The proof takes every non-nilpotent element $f$, and proves that there exists a prime ideal which does not contain $f$. Clearly the intersection of all such prime ideals will not contain any non-nilpotent element.
However, $A$ may contain an infinite number of non-nilpotent elements. Does this not imply that an infinite intersection of prime ideals should also be a prime ideal?
Thanks in advance!
Best Answer
Certainly not. If we assumed that the intersections of infinitely many prime ideals always had to be prime, then the nilradical of any ring with infinitely many prime ideals would have to be prime, but the nilradical of a commutative ring is prime iff the ring has a unique minimal prime ideal. There are lots of counterexamples to that, though, so the original assumption was wrong.

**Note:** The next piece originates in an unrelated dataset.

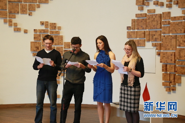 5月21日,在立陶宛首都维尔纽斯,米科拉斯·罗梅瑞斯大学部分中文学生在图片展现场演唱中国歌曲“快乐老家”。当日,中国驻立陶宛大使馆和米科拉斯·罗梅瑞斯大学共同举办“美丽中国”图片展。展出图片50余幅,向观众介绍了中国的风景、民俗、文化及发展成就等情况。(记者 卜鹏 摄)
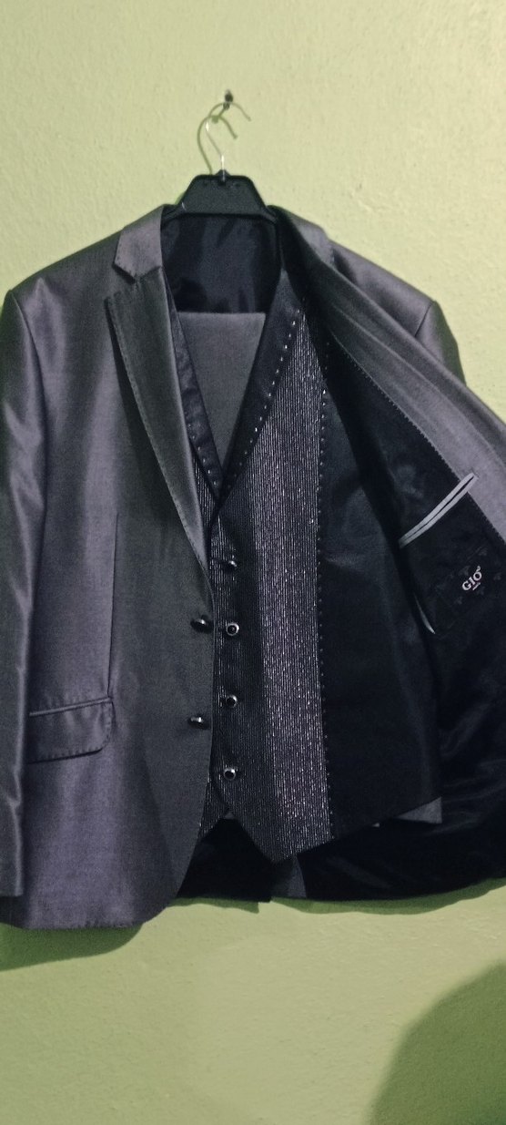 Düğmeli, siyah erkek takım elbise ceketi, kesik yaka ve uzun boylu, kolsuz tasarımıyla iş ortamına uygundur. tam takım damatlık sıfır ayarında

Michalis pointed out that the intersection of two primes does not have to be prime. A simple example would be $F\times F$ for a field $F$. $F\times \{0\}$ and $\{0\}\times F$ are both maximal, hence prime, ideals, and their intersection is $\{0\}\times\{0\}$ which is certainly not prime.
This idea generalizes to an infinite ideal example. Let $R=\prod_{i=1}^\infty F$ For a field $F$. The ideal $M_i$ which is $F$ on every coordinate except on the $i$th coordinate, and is zero on the $i$th coordinate is a maximal, hence prime ideal of $R$. The intersection of these ideals is the zero ideal, but again, the zero ideal isn't prime.
Finally, let's get one with a nonzero nilradical. Take the same ring $R$ as above, and construct the triangular matrix ring of matrices that look like this: $\begin{bmatrix}a&b\\0&a\end{bmatrix}$ for $a,b\in R$. The intersection of maximal ideals of this ring is equal to the set of matrices of the form $\begin{bmatrix}0&b\\0&0\end{bmatrix}$ for $a,b\in R$, which is again not prime. There are infinitely many such matrices if your field is infinite.
However, there is an important case when the intersection of a family of prime ideals is prime: if they form a descending chain.